Lower Yields May Spur Heavy Borrowing of U.S. Top-Rated Bonds

(Bloomberg) — U.S. investment-grade bond supply is set to remain strong and steady next week, with Wall Street estimates calling for about $25 billion of new sales after macro concerns around inflation and rate hikes eased.

Credit markets reacted favorably to the Federal Reserve’s announcement that it will begin tapering asset purchases this month with no rush to raise interest rates. Borrowing costs remain dirt cheap for top-rated issuers, who are likely to take advantage and tap the market heavily in the weeks ahead of the Thanksgiving holiday, according to one syndicate desk. 

“The taper announcement was accompanied by more dovish commentary on rate hikes, which augurs well for credit,” Barclays Plc strategists led by Bradley Rogoff wrote Friday. Third-quarter earnings results are showing that despite supply chain issues, corporate “fundamentals are robust,” he added. 

The 10-year Treasury yield sank below 1.5% on Friday for the first time in a month, potentially setting up an issuance window for opportunistic borrowers next week.

Retail investors are also getting in on the action. U.S. investment-grade bond funds posted a $429 million inflow during the week ended Nov. 3, according to Refinitiv Lipper. That follows an outflow of $1.1 billion the previous week. High-yield funds, meanwhile, saw outflows of about $1.27 billion during the five trading days ending on Wednesday, after money was added in each of the prior two weeks.

The bond market will be closed Thursday in observance of Veterans Day in the U.S.

High Yield

One known deal is in the junk-bond pipeline heading into the week: Oil and gas company Energean Plc’s $400 million note sale to refinance credit facilities and for general corporate purposes. Marketing will continue through Wednesday.

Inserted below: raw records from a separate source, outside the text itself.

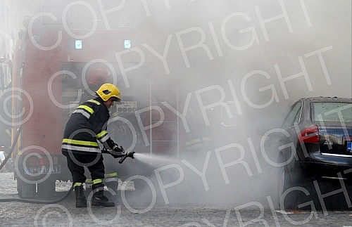 Car in fire in Cara Dusana street. Zapaljen auto u Cara Urosa.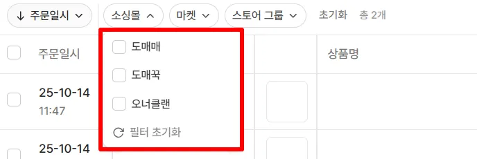 소싱몰: 특정 소싱몰 주문만 보고 싶다면 해당 소싱몰만 선택 ()해 주세요.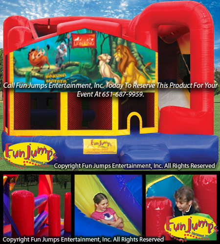 This 6 in 1 Lion King themed combo is a super exciting party rental that would make any event a huge success! Inside there is a jumping area, a basketball hoop, a tunnel, pop up obstacles, a climbing ramp and a slide.
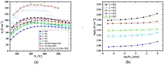 Dependencies of the total conductivity of the La1.7Ca0.3Ni1−yCuyO4+δ ceramics on: (a) on temperature, and (b) on pO2 [35,37].

Other deals are likely to emerge ahead of Veterans Day, with junk-bond yields falling on a weekly basis for the first time in more than a month. 

U.S. high-yield bond sales are about $6 billion away from a new annual record, which could be reached as soon as next wek. Almost $425.5 billion of the risky debt has been sold this year, and would need to surpass last year’s $431.8 billion volume to set a new all-time high, according to data compiled by Bloomberg.

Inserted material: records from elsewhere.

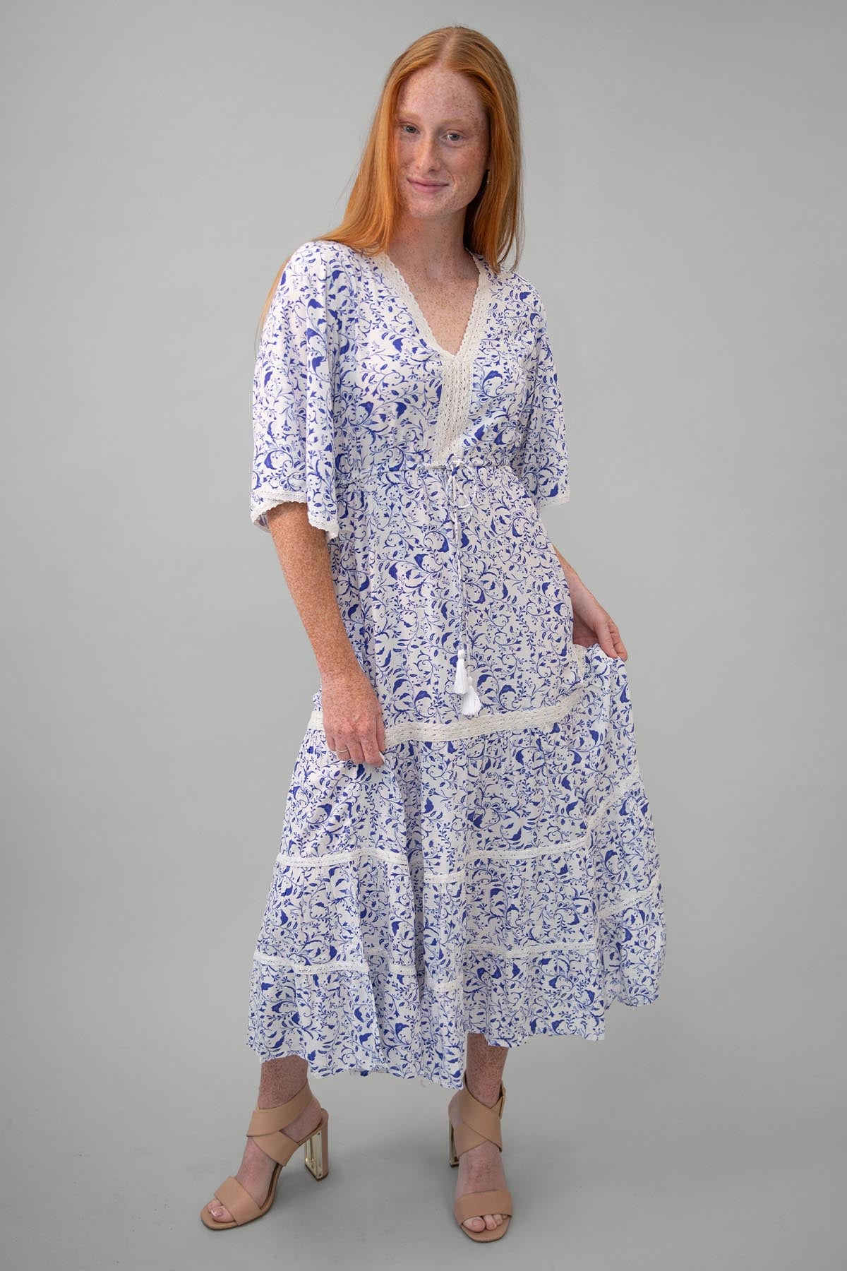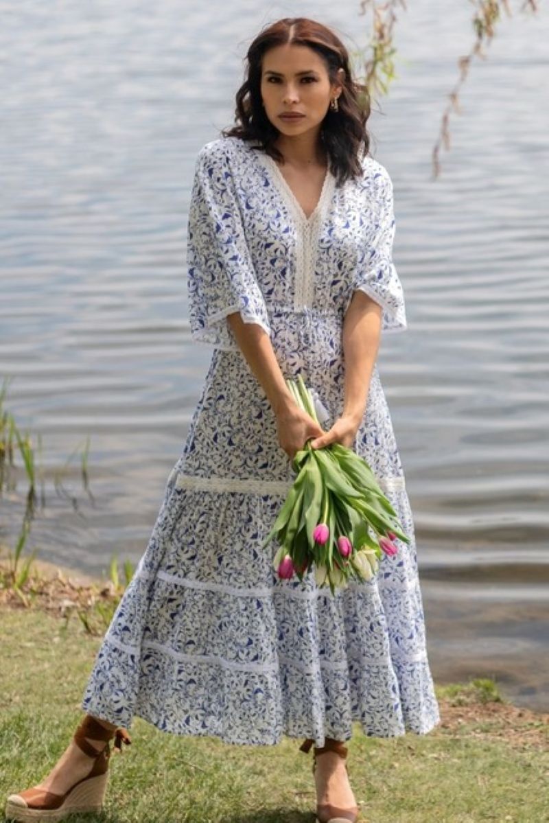 Look stunning in our Sylvie Dress! This feminine dress boasts a v-neckline and tiered details with lace trim for a romantic, French-inspired look. Feel beautiful all day long in this timeless piece.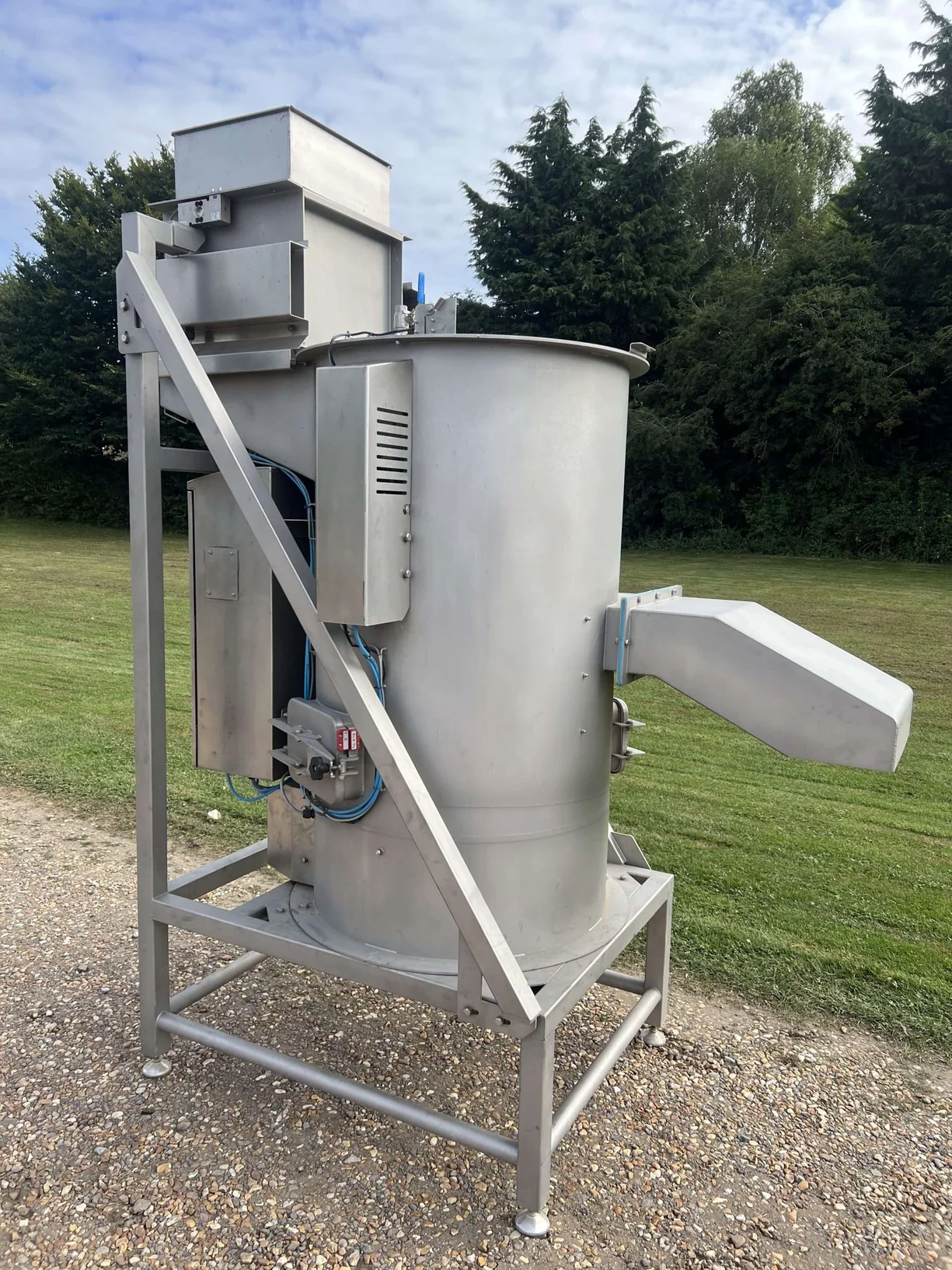 Second hand batch peeler for sale. As new, never been used batch peeler, this peeler has the capacity to peel 50kg batches using abrasive drum and spinning plate system. This peeler can be used as a stand alone machine or can be incorporated into a full line of equipment.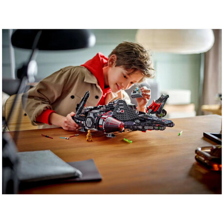 Turn the LEGO® Star Wars™ universe upside down with The Dark Falcon buildable toy vehicle set for kids (75389), which features a dark version of the Millennium Falcon, as seen in the LEGO Star Wars: Rebuild the Galaxy Disney+ special. A thrilling birthday gift for boys, girls and any fans aged 10 and up, this LEGO Star Wars brick-built starship toy has flip-up panels for easy access to the detailed interior, including Darth Jar Jar’s throne, the command center, hyperdrive, entertainment area and jail cell. Spring-loaded shooters, rotating cannons and a removable gunner post add to the action-play possibilities.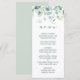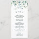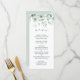 This wedding menu features painted watercolor eucalyptus, botanical green, and light blue leaves with modern calligraphy.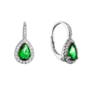Středem každé náušnice prochází zirkon v odstínu zelená , broušený do tvaru kapky, který jemně odráží světlo a dodává šperku svěží a zářivý vzhled. Okolo hlavního kamene jsou precizně zasazeny drobné čiré kamínky, které pokračují směrem vzhůru k zapínání, kde jsou navíc umístěny další tři pro maximální třpytivý efekt. Díky pohodlnému zapínání na klapku jsou náušnice ideální pro každodenní nošení i slavnostní příležitosti.

Save the Date: Andrew Feltus, co-director of high yield at Amundi Pioneer, answers your questions in a live Q&A moderated by Bloomberg News reporter Gowri Gurumurthy, Nov. 10 at 11 a.m. New York time. Click here for more

In U.S. leveraged loans, a few companies marketing leveraged loans are beyond their commitment due dates, with no timing or pricing updates given as of Friday morning in New York. They include a joint bond and loan offering for diagnostic medical company LifeScan Inc. for a refinancing.

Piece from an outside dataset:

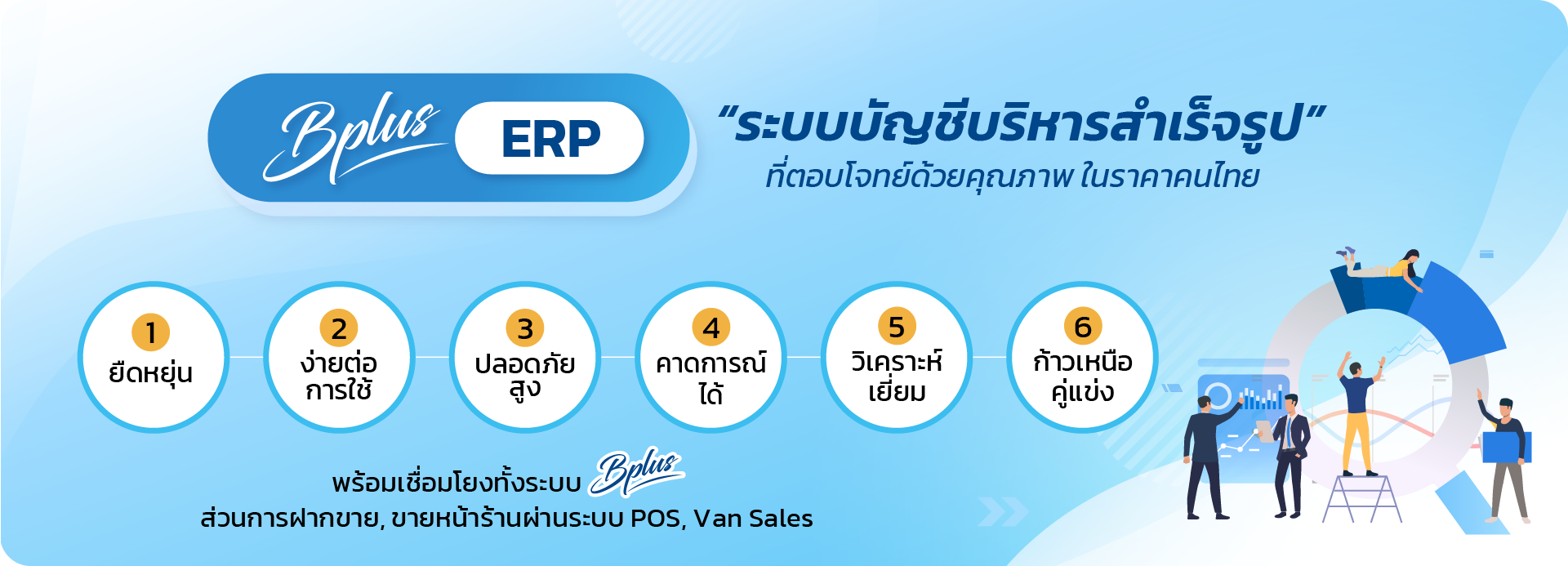 ซอฟต์แวร์ระบบบริหารงานค้าปลีก-ค้าส่ง Bplus POS ช่วยงานขายหน้าร้าน คิดเงิน ถูกต้อง รวดเร็ว ครอบคลุมการขาย เรื่องโปรโมชั่น ลดแลก แจกแถม สมาชิกออนไลน์ สะสมแต้ม e-coupon แลกแต้ม(redeem) แบบคำนวณอัตโนมัติ ช่วยแคชเชียร์สร้างความสัมพันธ์กับลูกค้า เช่นถ้าลูกค้าซื้อและส่งรายการมาคิดเงินแคชเชียร์สามารถบอกลูกค้าได้ว่าตอนนี้มีโปรโมชั่น หรือซื้อกี่ชิ้นจะได้ส่วนลด เป็นต้น สรุปรายงาน สรุปพฤติกรรมการขายของแคชเชียร์ และรายงานวิเคราะห์สำหรับผู้บริหารอีกมากมาย Bplus ยังช่วยควบคุมสต็อกสินค้าของสำนักงานใหญ่และสาขาได้ เชื่อมโยงระบบบัญชีบริหารงานหลังร้าน Bplus ERP ได้ทันที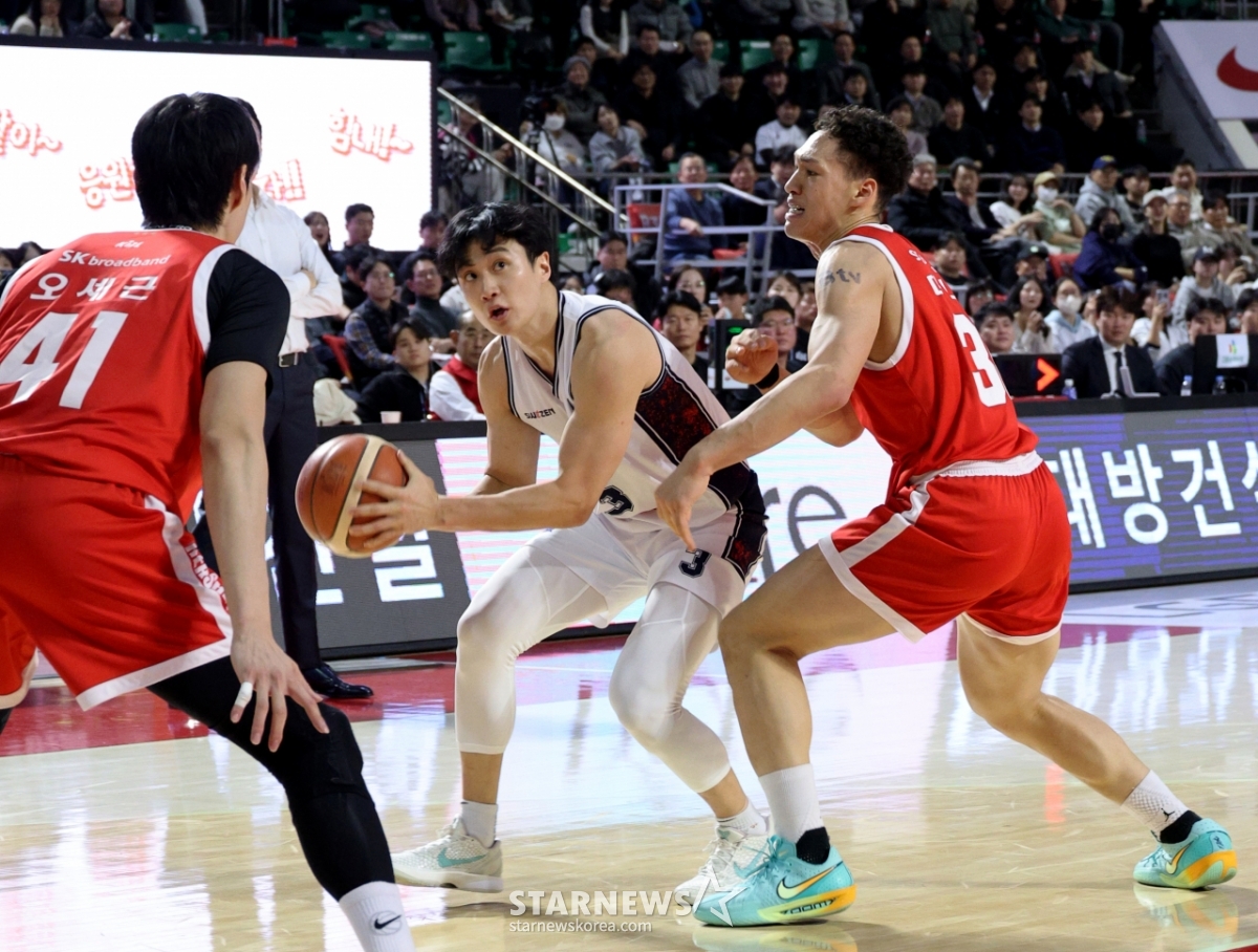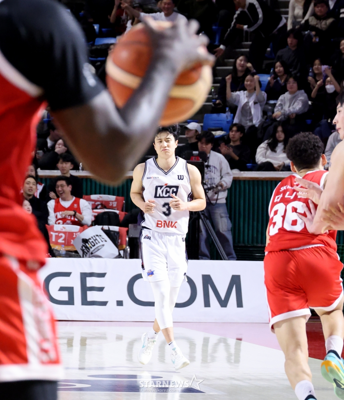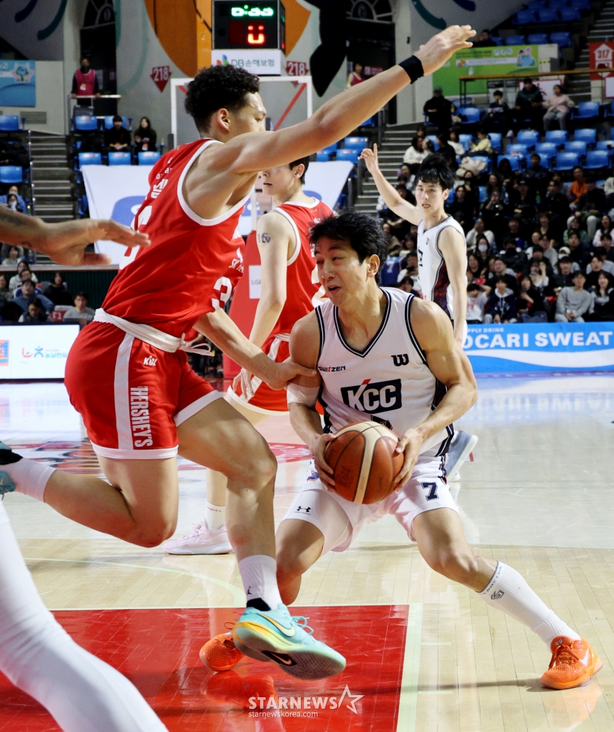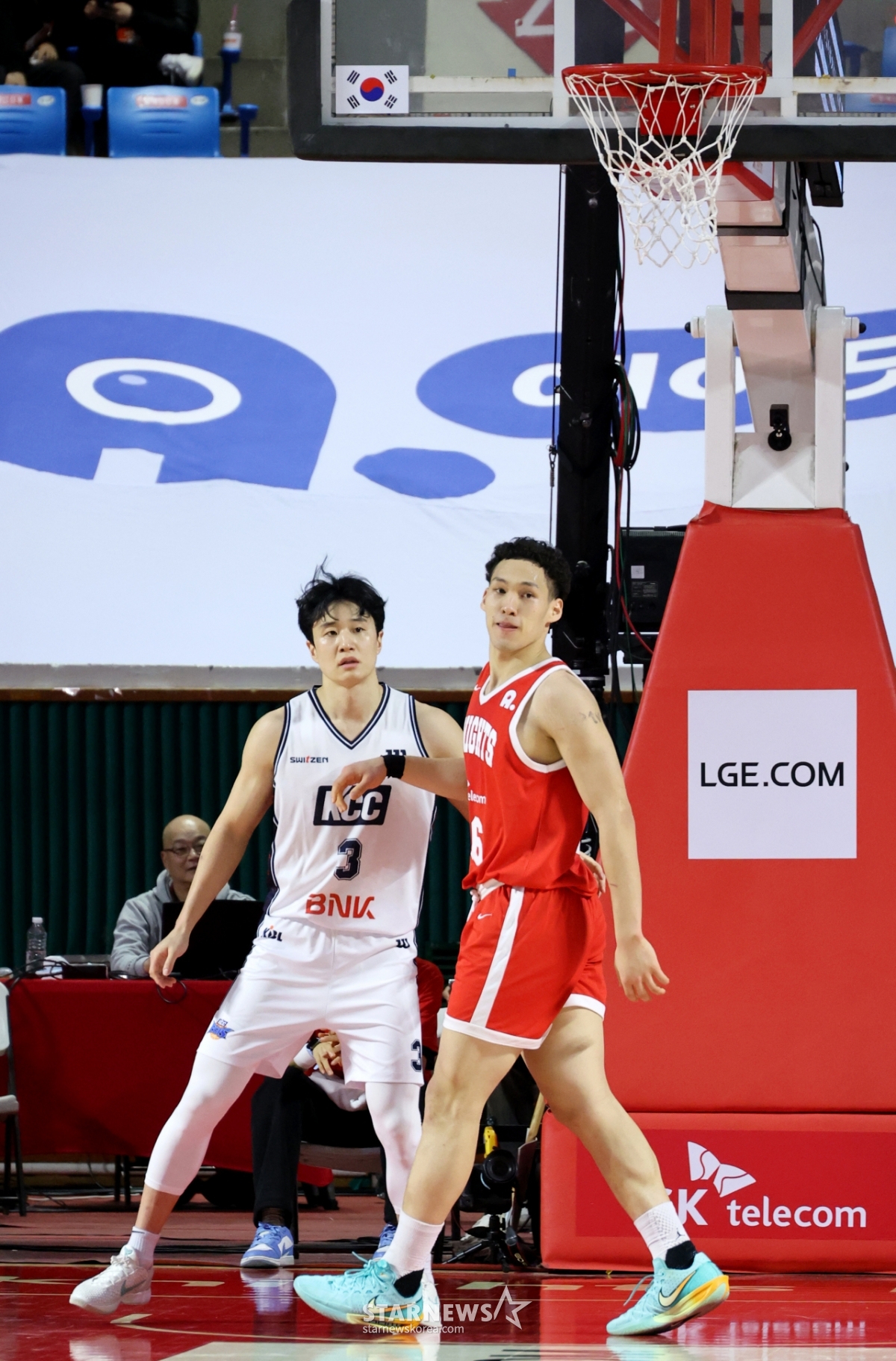 2日,在实学生体育馆举行的2025-2026LG电子职业篮球首尔SK队与釜山KCC队的比赛中,KCC队的许勋试图突破侧面后,丹尼尔正在防守。 2026.02.02.

Meanwhile, so far about five meetings are on deck. Computer chip equipment supplier Brooks Automation Inc. is selling $1.03 billion in term loans to finance its buyout by THL Partners, and TRC Companies is seeking $845 million in term loans for its takeover by Warburg Pincus.

At least nine deals are due next week, including Carestream Dental LLC’s $955 million in term loans for a dividend recap, and acquisition deals for Vertex Aerospace LLC, Howden Group, PCI Pharma Services and Apex Group.

A typical late-year slowdown has yet to materialize in the U.S. leveraged loan market, as nearly $17 billion of new deals — many for acquisitions — came forward this week. Companies continue to tap investors for funding as conditions remain conducive for issuers, however some have encountered pushback as buyers have simply had so much to choose from this year.

In distressed debt, Mallinckrodt Plc. will be in court fighting over whether claims tied to price gouging allegations deserve high repayment priority in its Chapter 11 bankruptcy. The fight has been closely watched by debt holders.